View Full Version : Classification of microbrewery beer
As there have been a lot of discussions of the classification of microbrewery beer locale here and USA is the origin country, for this today world widespread phenomenon, I want to try to get some answers/opinions here.
Were do the lines go between APA, IPA and DIPA in alcohol % or any other parameter?
Is there a general alcohol % or any other parameter to fulfil to call any beer type double or imperial?
As with most things there is tons of overlap between these styles. Here are the BeerAdvocate.com (http://beeradvocate.com/beer/style) Style Definitions:
American Pale Ale (APA)
Of British origin, this style is now popular worldwide and the use of local ingredients, or imported, produces variances in character from region to region. Generally, expect a good balance of malt and hops. Fruity esters and diacetyl can vary from none to moderate, and bitterness can range from lightly floral to pungent.
American versions tend to be cleaner and hoppier, while British tend to be more malty, buttery, aromatic and balanced.
Average alcohol by volume (abv) range: 4.0-7.0%
English India Pale Ale (IPA)
First brewed in England and exported for the British troops in India during the late 1700s. To withstand the voyage, IPA's were basically tweaked Pale Ales that were, in comparison, much more malty, boasted a higher alcohol content and were well-hopped, as hops are a natural preservative. Historians believe that an IPA was then watered down for the troops, while officers and the elite would savor the beer at full strength. The English IPA has a lower alcohol due to taxation over the decades. The leaner the brew the less amount of malt there is and less need for a strong hop presence which would easily put the brew out of balance. Some brewers have tried to recreate the origianl IPA with strengths close to 8-9% abv.
Average alcohol by volume (abv) range: 4.0-6.5%
The American IPA is a different soul from the reincarnated IPA style. More flavorful than the withering English IPA, color can range from very pale golden to reddish amber. Hops are typically American with a big herbal and / or citric character, bitterness is high as well. Moderate to medium bodied with a balancing malt backbone.
Average alcohol by volume (abv) range: 5.5-7.5%
American Double / Imperial IPA
Take an India Pale Ale and feed it steroids, ergo the term Double IPA. Although open to the same interpretation as its sister styles, you should expect something robust, malty, alcoholic and with a hop profile that might rip your tongue out. The Imperial usage comes from Russian Imperial stout, a style of strong stout originally brewed in England for the Russian Imperial Court of the late 1700s; though Double IPA is often the preferred name.
You can thank west coast American brewers for this somewhat reactionary style. "Thanks!"
Average alcohol by volume (abv) range: 7.0-14.0%
Style discussions are interesting and hard as one can try, it will never be possible to describe a traditional style with certainty.

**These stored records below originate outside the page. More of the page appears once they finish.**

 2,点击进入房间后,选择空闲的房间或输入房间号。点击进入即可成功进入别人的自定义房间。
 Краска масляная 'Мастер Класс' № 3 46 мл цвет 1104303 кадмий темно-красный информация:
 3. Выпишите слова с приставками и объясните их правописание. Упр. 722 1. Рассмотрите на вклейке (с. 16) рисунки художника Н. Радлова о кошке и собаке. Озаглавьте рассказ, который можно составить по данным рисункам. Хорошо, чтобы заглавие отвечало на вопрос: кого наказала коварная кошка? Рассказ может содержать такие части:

Still, historical sources are available which shed some light. I have done a fair amount of reading in the area, now facilitated by online library and other online resources.

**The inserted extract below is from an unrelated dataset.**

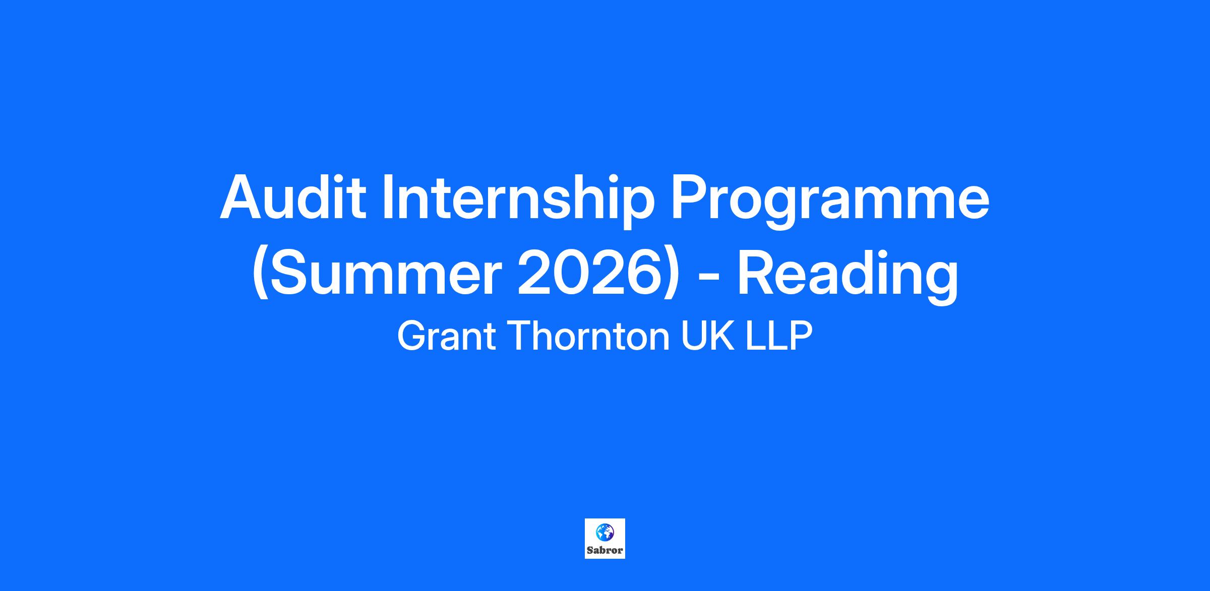 Audit Internship Programme (Summer 2026) - Reading

The description below of India Pale Ale is broadly correct based on my readings, in particular there is some evidence, and beer historians have argued recently, that pale ale was an altered form of October beer, a strong, often pale, well-hopped beer intended for long keeping. The pale ale for India was made less strong (5-7% range but generally 5-6%), was well-fermented to be dry in character (to minimize the chance of uncontrolled re-fermentation) and was well-hopped indeed. I have never read in any historical source that it was watered on arrival in India or that the concentrated form was reserved for officers. I wonder where this comes from. Perhaps there is some support in the old books or records, if so I'd like to see it. Pale ale in England was the domestic variety of IPA, basically the same thing but less hopped.
And just another observation, which is that the modern double IPA resembles (except sometimes for hop flavour) the strong, rich October beers from which IPA is likely derived. October beer was brewed to be layed down for 12-24 months or more. It was made with malt prepared from the recent harvest, with hops too that were not too old, and in a time of weather felt best for brewing before refrigeration came in. The traditional brewing season was October to March, these were the "season" beers. March beers, Saisons, bieres de garde, stock beers, all have their origin in seasonal brewing. So does lager beer except it was locked up for long aging in cold vaults initially cooled with ice.
In my opinion (and this is completely my opinion), Sierra Nevada Pale Ale is the benchmark APA. The balance between body and bitterness is just about perfect, and, if you get it draught, the floral nose is spectacular.
That said, I tend to drink American IPAs, as defined above, and I don't have a favorite among those. I have tried bunches, and I enjoy most. The ones I don't care for are top heavy: lots of hops but thin on malt. I want the body substantial (but not beefed up with darker malts).
I can remember that there was a time when I'd try beers that were just too hoppy for me. Those days are gone.
I have had some very good double (imperial) IPAs, but I prefer to stick with things lower in alcohol so I can drink more.